Previously we were only dealing with error terms from one unit. Now, in the weight update, we have to consider the error for each unit in the hidden layer, $\delta_j$

$\Delta w_{ij} = \eta\delta_jx_{i}$

Steps: 
1. Calculate networks output error
2. Calculate networks output error term
3. Backpropragate to calculate the hidden later error term
4. Calculate the change in weights that are required from backpropragation

In [58]:
x = np.array([0.5, 0.1, -0.2])
target = 0.6
learnrate = 0.5

# Weights of input hidden are [3x2]
weights_input_hidden = np.array([[0.5, -0.6],
                                 [0.1, -0.2],
                                 [0.1, 0.7]])

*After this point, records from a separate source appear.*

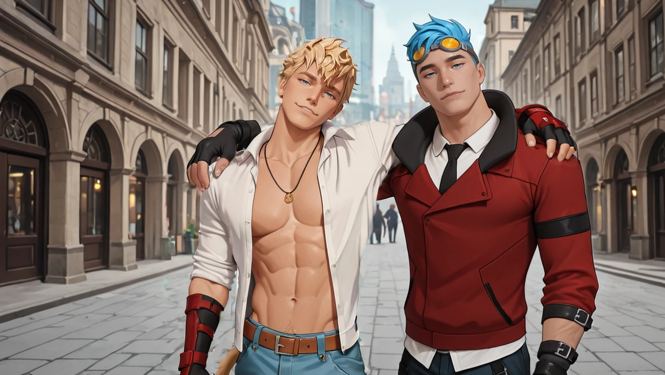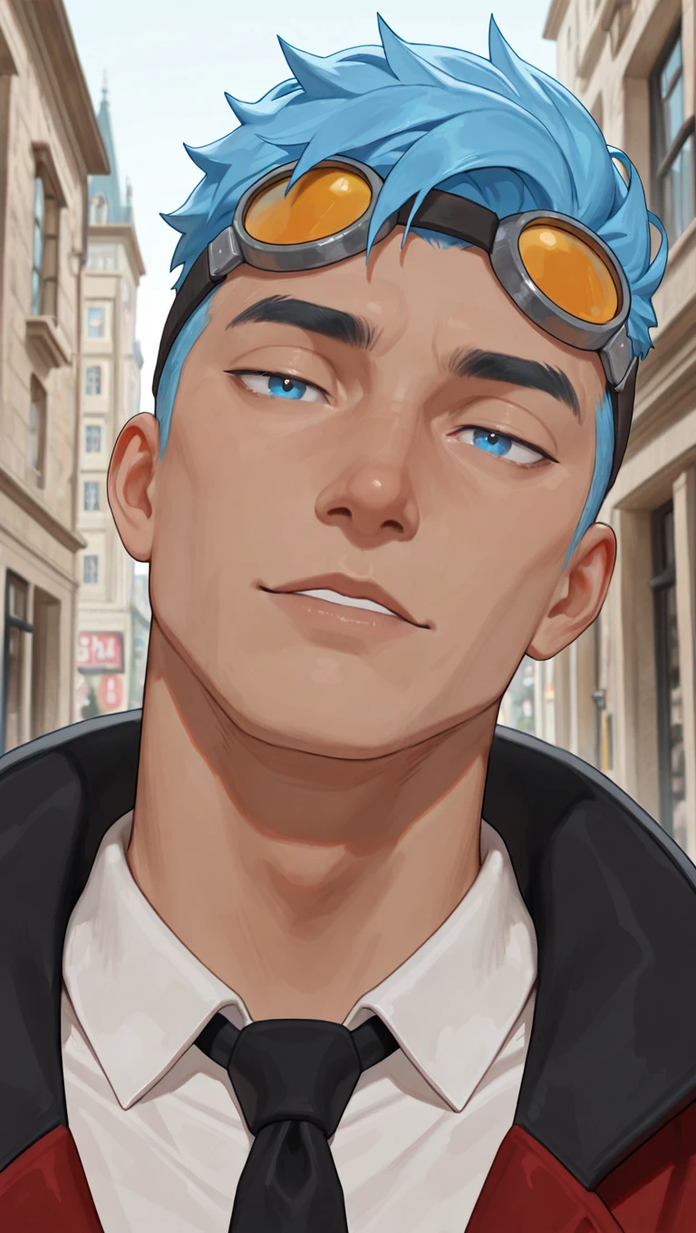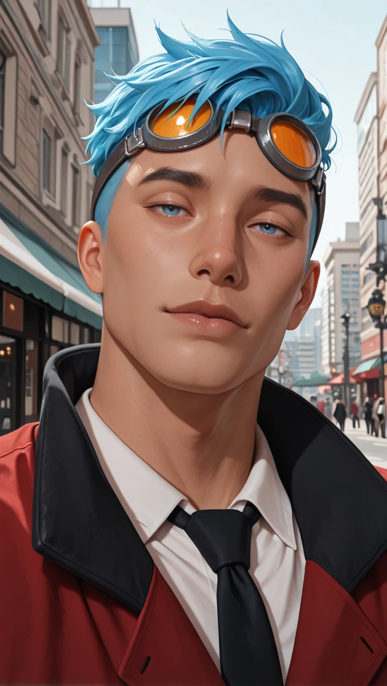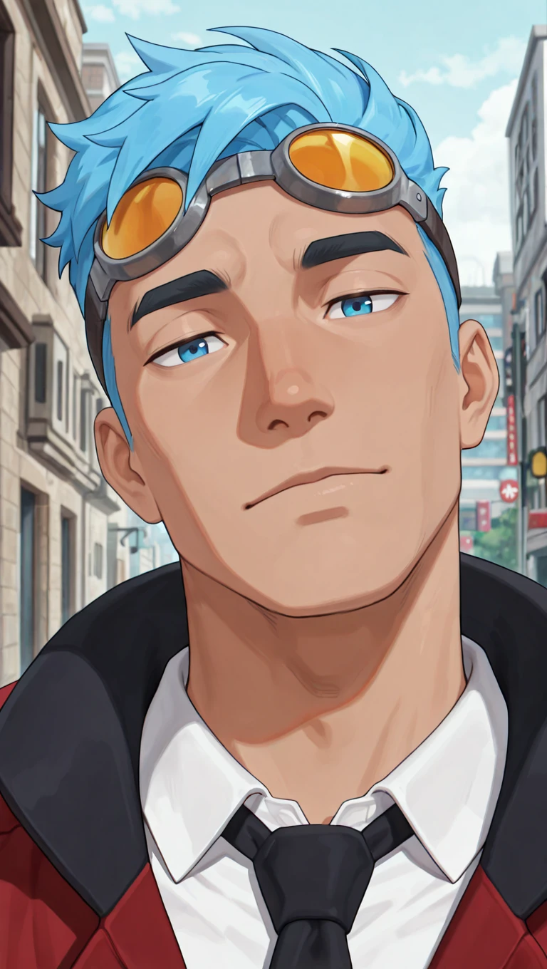 goggles on head, red jacket, white collared shirt, black necktie, black gloves, dark blue pants, black footwear
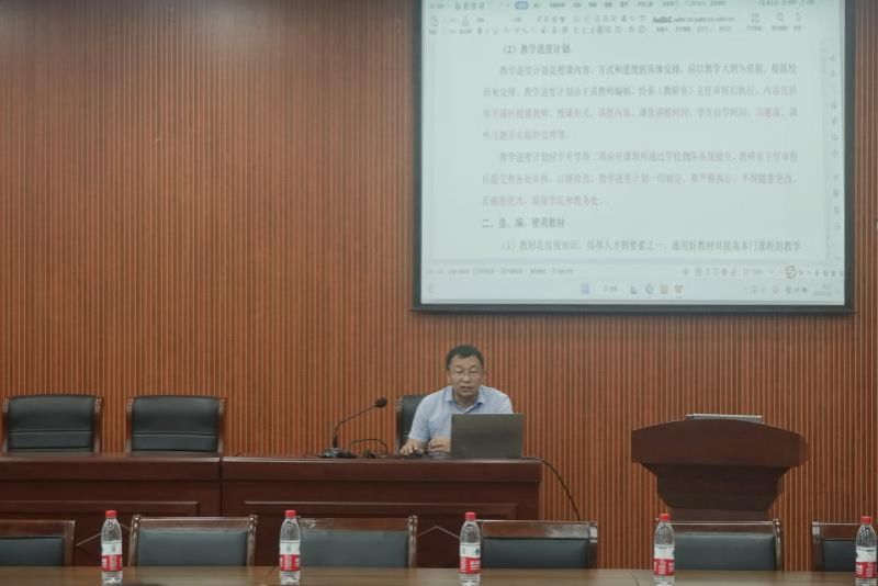 周志刚详细讲解了学校、学院的教学管理制度,并就教学管理文件中的重点内容做出说明。他强调,一是青年教师要深入理解和钻研教学大纲,充分了解教授课程的教学目标、基本内容、以及重难点知识并根据大纲要求布置课后作业,设定考核标准;二是要认真完成教学计划进度表,结合教学文件与课程特点明确每节课的上课内容、方式,并严格按照计划进行,以便督察工作的开展;三是要积极进行教育创新改革,充分利用现代化教学手段,促进和发展学生在学习中的探究兴趣和能力。
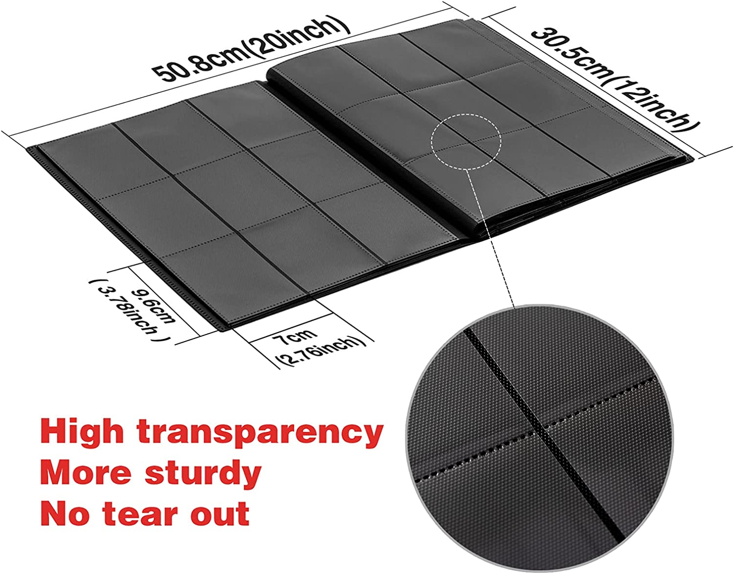 Holding 360 CARDS - 9 pockets double-sided trading card binder, holds up to 360 trading cards with 20 pages total. This product does not contain cards. More pages cannot add.
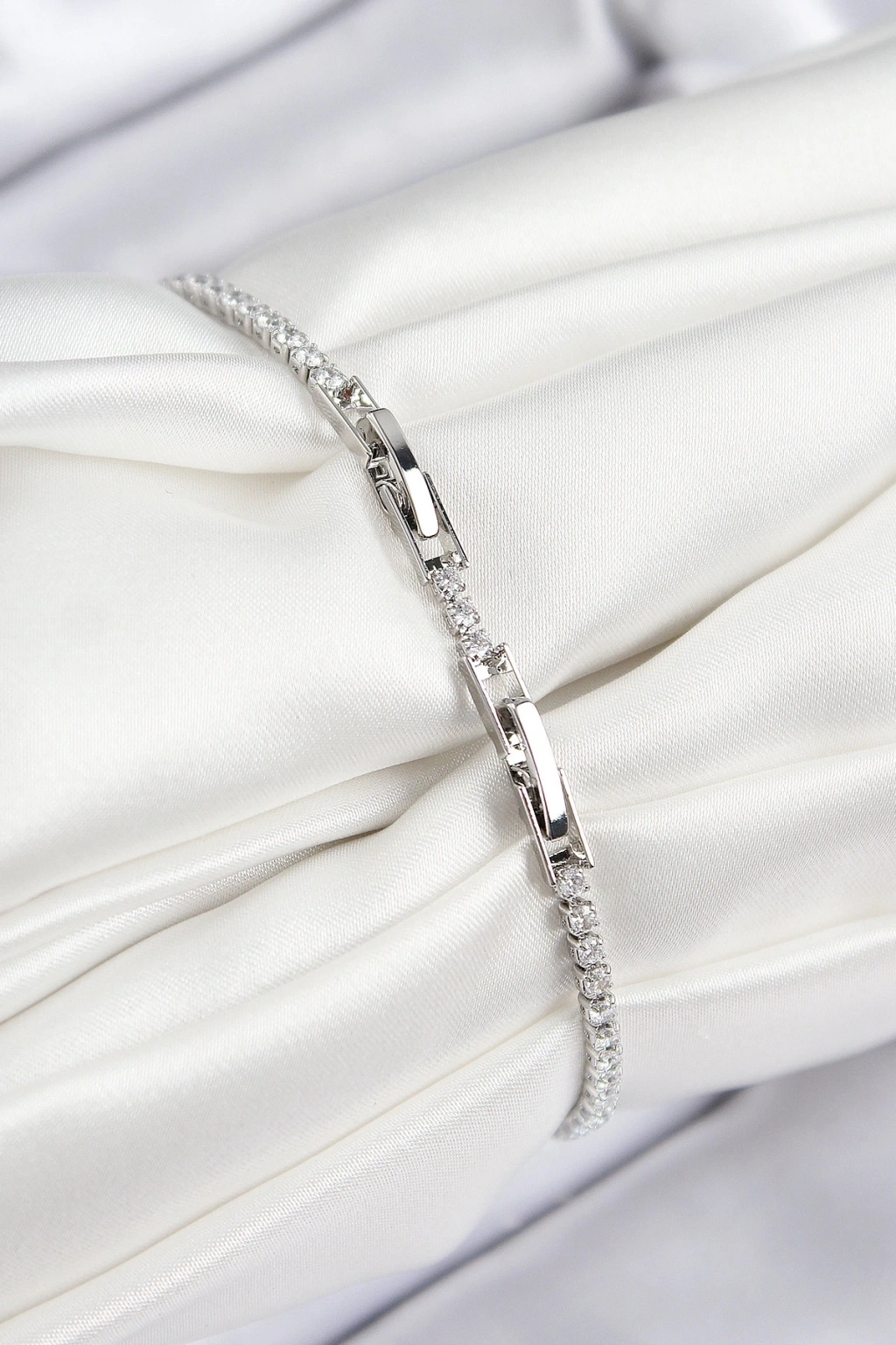 316L Çelik Zincir Gümüş Renk Zirkon Taşlı Yonca Beyaz Kadın Bileklik

weights_hidden_output = np.array([0.1, -0.3])

#Foward Pass 
hidden_layer_input = np.dot(x,weights_input_hidden) #[1x3] dot [3x2] = [1x2]
print("hidden layer input:\n", hidden_layer_input)

hidden_layer_output = sigmoid(hidden_layer_input)
print("hidden layer output:\n", hidden_layer_output) 

#[1x2] dot [1x2] = [1]
output_layer_in = np.dot(hidden_layer_output, weights_hidden_output)
print("output layer input:\n", output_layer_in)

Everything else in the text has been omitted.